__DATA FOR PROCESSING__
:::::
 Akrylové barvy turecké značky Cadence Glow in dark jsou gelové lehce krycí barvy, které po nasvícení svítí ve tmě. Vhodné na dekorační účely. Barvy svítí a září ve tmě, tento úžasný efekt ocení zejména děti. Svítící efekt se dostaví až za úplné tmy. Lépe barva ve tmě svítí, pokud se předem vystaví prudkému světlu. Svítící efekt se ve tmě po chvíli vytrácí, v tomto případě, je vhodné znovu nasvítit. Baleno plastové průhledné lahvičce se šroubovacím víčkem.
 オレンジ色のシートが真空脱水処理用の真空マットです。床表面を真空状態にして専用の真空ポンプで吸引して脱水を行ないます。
:::::
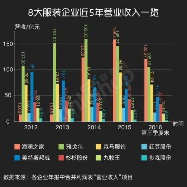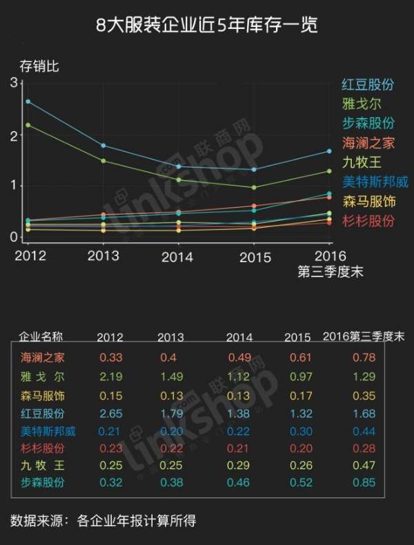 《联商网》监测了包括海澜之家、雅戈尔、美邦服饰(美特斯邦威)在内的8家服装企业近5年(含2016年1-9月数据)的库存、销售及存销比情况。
:::::
__ABOUT THIS EXERCISE__
Using the data above, reproduce exactly the lines between those holding "Akrylové barvy turecké" and "オレンジ色のシートが真空脱水", inclusive, and no others.

__RESULT OF THIS TASK__
 Akrylové barvy turecké značky Cadence Glow in dark jsou gelové lehce krycí barvy, které po nasvícení svítí ve tmě. Vhodné na dekorační účely. Barvy svítí a září ve tmě, tento úžasný efekt ocení zejména děti. Svítící efekt se dostaví až za úplné tmy. Lépe barva ve tmě svítí, pokud se předem vystaví prudkému světlu. Svítící efekt se ve tmě po chvíli vytrácí, v tomto případě, je vhodné znovu nasvítit. Baleno plastové průhledné lahvičce se šroubovacím víčkem.
 オレンジ色のシートが真空脱水処理用の真空マットです。床表面を真空状態にして専用の真空ポンプで吸引して脱水を行ないます。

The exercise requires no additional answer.